» **Exercise details**: Extract the opening line of the entries and every line after it, stopping at and including the line that contains "婦科腫瘤醫(yī)院院長王海". Do not include pictures.

[[ Listed entries, beginning ]]

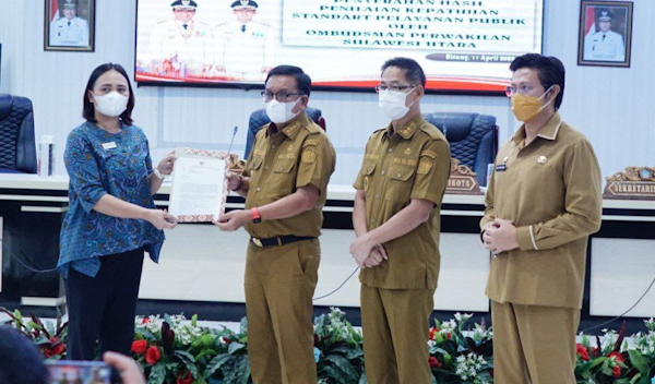 Bitung – Wali Kota Bitung Maurits Mantiri, MM, didampingi Wakil Wali Kota Bitung Hengky Honandar, SE serta Sekda Kota Bitung Dr. Audy Pangemanan menerima hasil penilaian kepatuhan standard pelayanan publik pemerintah Kota Bitung tahun 2021 yang diserahkan oleh Kepala perwakilan Ombudsman RI Provinsi Sulut Ibu Meilani Limpar, SH, Senin (11/4)
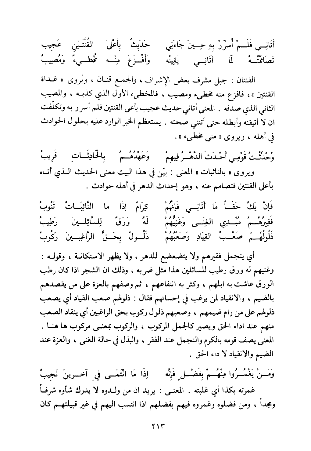 أي يتجمل فقيرهم ولا يتضعضع للدهر، ولا يظهر الاستكانة، وقوله: وغنيهم له ورق رطيب للسائلين هذا مثل ضربه، وذلك أن الشجر إذا كان رطب الورق عاشت به إبلهم، وكثر به انتفاعهم، ثم وصفهم بالعزة على من يقصدهم بالضيم، والانقياد لمن يرغب في إحسانهم فقال: ذلولهم صعب القياد أي يصعب ذلولهم على من رام ضيمهم، وصعبهم ذلول ركوب بحق الراغبين أي ينقاد الصعب منهم عند أداء الحق ويصير كالجمل المركوب، والركوب بمعنى مركوب ها هنا. المعنى يصف قومه بالكرم والتجمل عند الفقر، والبذل في حالة الغنى، والعزة عند الضيم والانقياد لا داء الحق.
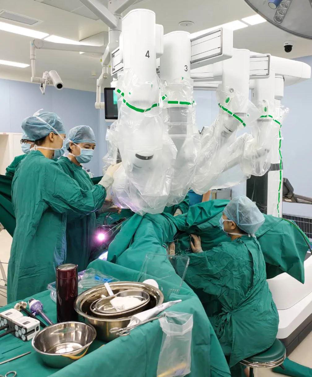 婦科腫瘤醫(yī)院院長王海琳聚精會神地操控著達(dá)芬奇Xi(第四代)手術(shù)機(jī)器人,3只機(jī)械臂相互配合,通過肚臍“鉆”進(jìn)腹腔,嫻熟地將剝離出的患者子宮肌瘤和左側(cè)卵巢畸胎瘤放入標(biāo)本袋中,沿肚臍穿刺孔取出,至此,第四代達(dá)芬奇機(jī)器人在王海琳的操作下,成功完成陜西省單孔手術(shù)“首秀”。
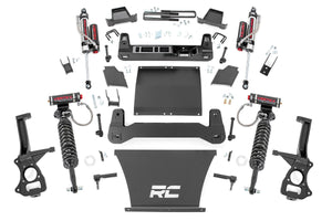 Chevy's 2019 1500 features an impressive all-new design thatΓÇÖs built from the ground up, with aggressive angles and head-turning stylings that fit in beautifully when transformed with Rough CountryΓÇÖs 6in Suspension Lift. This kit lifts and levels your vehicle for a commanding stance and enough clearance to run 35x12.50 tires on 10in wide wheels. Rough Country has engineered this kit to provide optimal suspension geometry while retaining the factory ride quality, giving you enhanced off-road capabilities without sacrificing the handling and smooth ride that makes this truck so impressive. Rough CountryΓÇÖs 6in Suspension lift retains the stock track width, allowing for up to a 10in wide wheel with 4.5in backspacing. Each kit includes front and rear crossmembers and a skid plate for enhanced chassis strength as well as cast steel knuckles for incredible durability and performance. Includes Rough CountryΓÇÖs Lifetime Replacement Guarantee!
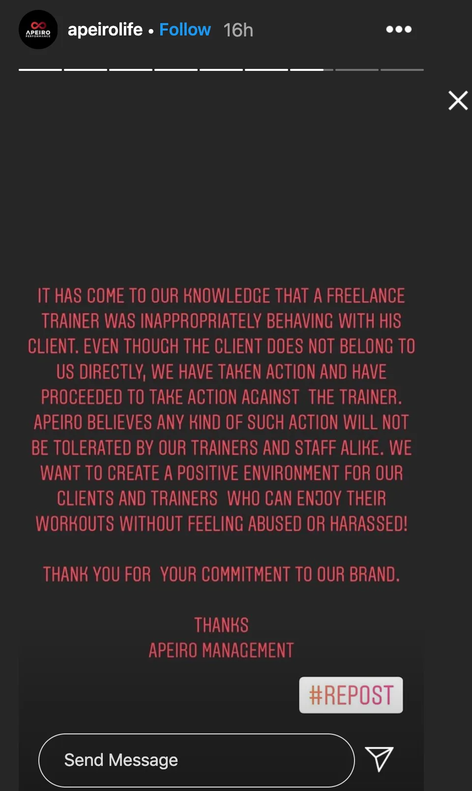 In the meantime, Apeiro Performance released a statement to address the issue on Instagram Story. The health centre explained that they do not tolerate such inappropriate behaviour and has since banned the freelance trainer.
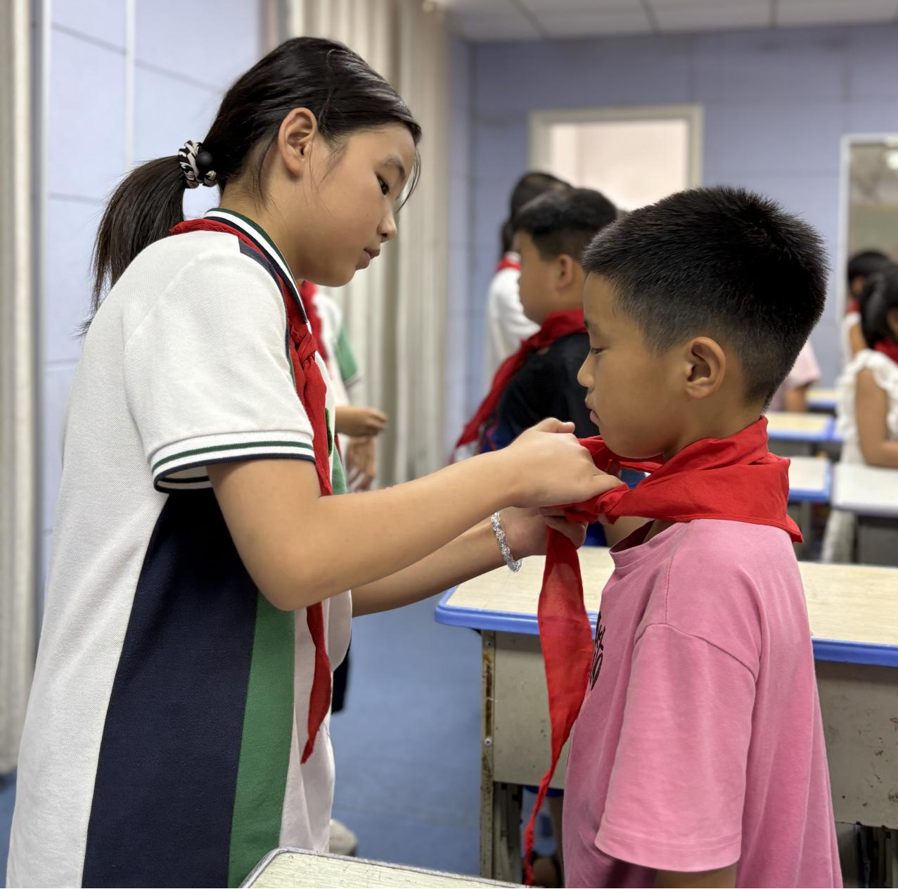 在热烈的掌声中,老队员们面带微笑,郑重地为新队员系上红领巾。红色的领巾在新队员颈间飘扬,这是荣誉的象征,更是责任的嘱托。每一个系红领巾的动作都格外认真,老队员们将“新时代好少年”的期许融入其中,新队员们则以挺直的身板回应这份期许——从戴上红领巾的这一刻起,他们便知晓自己要以更严格的标准要求自己,在学习和生活中践行“强国复兴有我”的信念,让红领巾因自己的努力而更加鲜艳。

[[ Listed entries, end ]]

» **Exercise response**:
 Bitung – Wali Kota Bitung Maurits Mantiri, MM, didampingi Wakil Wali Kota Bitung Hengky Honandar, SE serta Sekda Kota Bitung Dr. Audy Pangemanan menerima hasil penilaian kepatuhan standard pelayanan publik pemerintah Kota Bitung tahun 2021 yang diserahkan oleh Kepala perwakilan Ombudsman RI Provinsi Sulut Ibu Meilani Limpar, SH, Senin (11/4)
 أي يتجمل فقيرهم ولا يتضعضع للدهر، ولا يظهر الاستكانة، وقوله: وغنيهم له ورق رطيب للسائلين هذا مثل ضربه، وذلك أن الشجر إذا كان رطب الورق عاشت به إبلهم، وكثر به انتفاعهم، ثم وصفهم بالعزة على من يقصدهم بالضيم، والانقياد لمن يرغب في إحسانهم فقال: ذلولهم صعب القياد أي يصعب ذلولهم على من رام ضيمهم، وصعبهم ذلول ركوب بحق الراغبين أي ينقاد الصعب منهم عند أداء الحق ويصير كالجمل المركوب، والركوب بمعنى مركوب ها هنا. المعنى يصف قومه بالكرم والتجمل عند الفقر، والبذل في حالة الغنى، والعزة عند الضيم والانقياد لا داء الحق.
 婦科腫瘤醫(yī)院院長王海琳聚精會神地操控著達(dá)芬奇Xi(第四代)手術(shù)機(jī)器人,3只機(jī)械臂相互配合,通過肚臍“鉆”進(jìn)腹腔,嫻熟地將剝離出的患者子宮肌瘤和左側(cè)卵巢畸胎瘤放入標(biāo)本袋中,沿肚臍穿刺孔取出,至此,第四代達(dá)芬奇機(jī)器人在王海琳的操作下,成功完成陜西省單孔手術(shù)“首秀”。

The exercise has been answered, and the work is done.